Data extracted from a collection
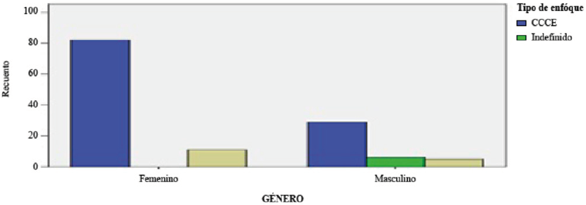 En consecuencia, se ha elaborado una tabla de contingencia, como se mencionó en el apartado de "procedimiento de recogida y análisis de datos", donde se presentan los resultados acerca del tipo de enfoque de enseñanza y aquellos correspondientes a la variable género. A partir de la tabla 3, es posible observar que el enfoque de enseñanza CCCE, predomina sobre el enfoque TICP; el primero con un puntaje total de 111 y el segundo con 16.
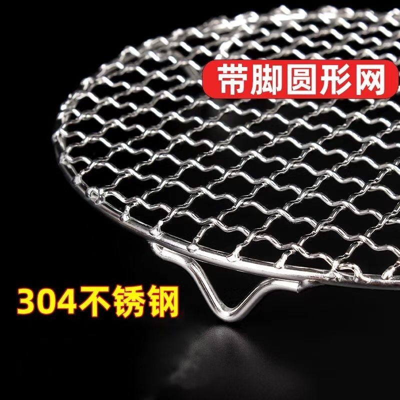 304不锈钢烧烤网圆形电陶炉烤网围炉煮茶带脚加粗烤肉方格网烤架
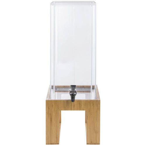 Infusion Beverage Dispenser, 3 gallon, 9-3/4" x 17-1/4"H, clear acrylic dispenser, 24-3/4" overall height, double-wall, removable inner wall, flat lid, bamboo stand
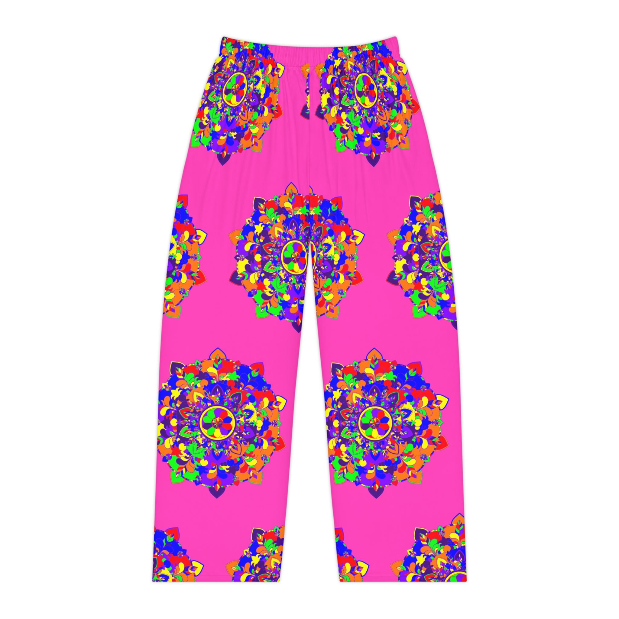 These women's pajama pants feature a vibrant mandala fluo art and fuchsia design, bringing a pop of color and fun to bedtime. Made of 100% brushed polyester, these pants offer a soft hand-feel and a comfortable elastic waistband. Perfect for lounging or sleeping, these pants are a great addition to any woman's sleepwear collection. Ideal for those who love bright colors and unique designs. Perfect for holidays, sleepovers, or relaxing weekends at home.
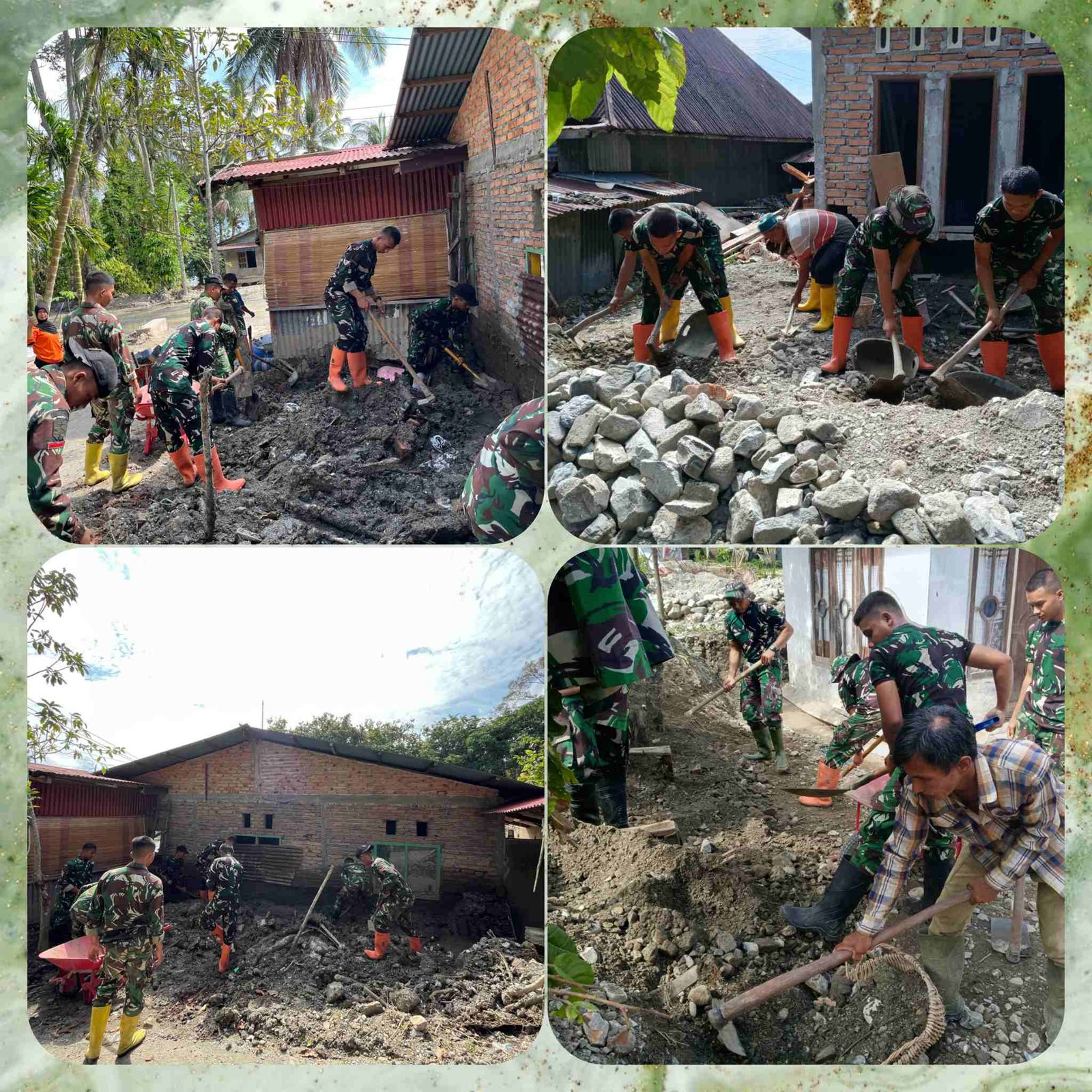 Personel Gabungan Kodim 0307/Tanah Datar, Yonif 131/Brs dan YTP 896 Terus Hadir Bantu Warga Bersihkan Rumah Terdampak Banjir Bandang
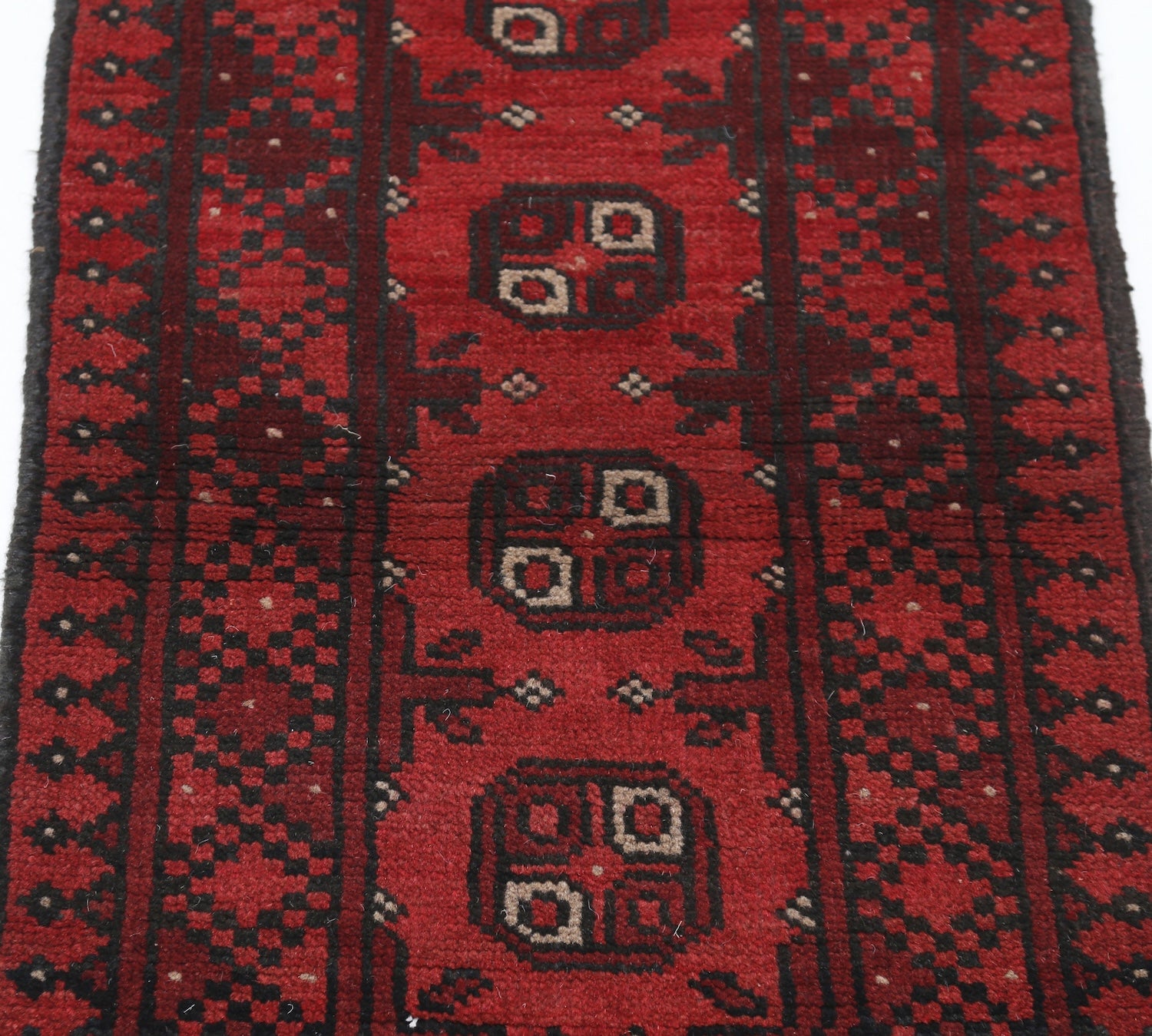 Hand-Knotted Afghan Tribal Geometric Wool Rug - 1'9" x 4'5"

◆ Exercise objective
Each entry must be retyped word for word, with every image omitted.

◆ Response to this task
 En consecuencia, se ha elaborado una tabla de contingencia, como se mencionó en el apartado de "procedimiento de recogida y análisis de datos", donde se presentan los resultados acerca del tipo de enfoque de enseñanza y aquellos correspondientes a la variable género. A partir de la tabla 3, es posible observar que el enfoque de enseñanza CCCE, predomina sobre el enfoque TICP; el primero con un puntaje total de 111 y el segundo con 16.
 304不锈钢烧烤网圆形电陶炉烤网围炉煮茶带脚加粗烤肉方格网烤架
 Infusion Beverage Dispenser, 3 gallon, 9-3/4" x 17-1/4"H, clear acrylic dispenser, 24-3/4" overall height, double-wall, removable inner wall, flat lid, bamboo stand
 These women's pajama pants feature a vibrant mandala fluo art and fuchsia design, bringing a pop of color and fun to bedtime. Made of 100% brushed polyester, these pants offer a soft hand-feel and a comfortable elastic waistband. Perfect for lounging or sleeping, these pants are a great addition to any woman's sleepwear collection. Ideal for those who love bright colors and unique designs. Perfect for holidays, sleepovers, or relaxing weekends at home.
 Personel Gabungan Kodim 0307/Tanah Datar, Yonif 131/Brs dan YTP 896 Terus Hadir Bantu Warga Bersihkan Rumah Terdampak Banjir Bandang
 Hand-Knotted Afghan Tribal Geometric Wool Rug - 1'9" x 4'5"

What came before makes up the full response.